We are not abstractions. We are not some percentage of all abortions performed. We are not a percentage of all pregnancies. We are real, live women. We have families. We have friends. We have people who love us, whom we love. We have roots and connections in this world. The loss of a single one of us has ripples that no law can foresee or legislate. Yes, anti-choice people will say, but what about the baby? What if you're aborting the next Einstein or the person who grows up to cure the very disease you're sick with? To that I say: What if the woman you're killing/maiming IS the next Einstein or the woman who will cure this disease? Why do they always assume that the people who are already here are incapable of greatness? Why is it always someone not born yet who will save the world? Have they so little faith in those of us in the here and now that they can't imagine we're capable of saving ourselves? Or is it just because we're women and women can't do those sorts of things? Also, if we're going to get into the 'What if' game, what if the fetus that's aborted was the next Hitler? What if it was the next Stalin? That game is a dead end. The fact is, you don't know. You can't know and it's pointless to speculate.
They also show a remarkable lack of faith in the God (most of them) claim to believe in. If god is so powerful and all-knowing, why would he put a soul in a fetus he knew was going to be aborted? Why would he allow the next Einstein to be created, knowing s/he would never be born? That doesn't say much for god.

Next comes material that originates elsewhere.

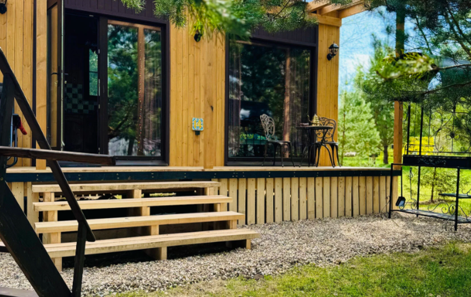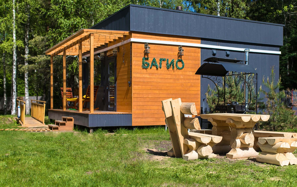 На территории также расположена русская баня на дровах, уютные зоны отдыха, пруд и бассейн. Для любителей активного образа жизни предусмотрена спортивная площадка с брусьями и скамьей для пресса, теннисный стол, волейбольная площадка. Также гости смогут покататься на велосипедах или взять в аренду сапы. А еще есть бадминтон, фрисби, футбольный мяч и дартс.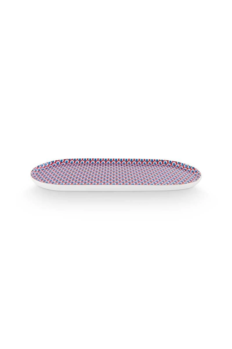 This sugar & creamer plate is decorated with the cheerful Flower Festival design. This rich floral pattern features a variety of fanciful red and pink chintz flowers with light blue and green leaves.

I'm sick to death of being treated like a Thing. I am not a Thing. I am a Person. I am a Human Being. A Woman, specifically. I am not some number on a page, not some compilation of medical records that a judge gets to look at and decide if I'm sick enough to warrant terminating a pregnancy that's threatening to rob me of bodily function but not quite my life. This is MY life, I get to decide if the risks are worth it. I get to decide if having a child is important enough for me to risk liver failure, or kidney failure, or stroke, or heart attack, or permanent muscle or joint damage. I do. Not the state, not a bunch of men in Washington, not anyone else. Me. If you think you can take that right away from me, and all the other women (not theories!) in this country, you're in for a rude awakening. Women are not theories and it's time people were reminded of that.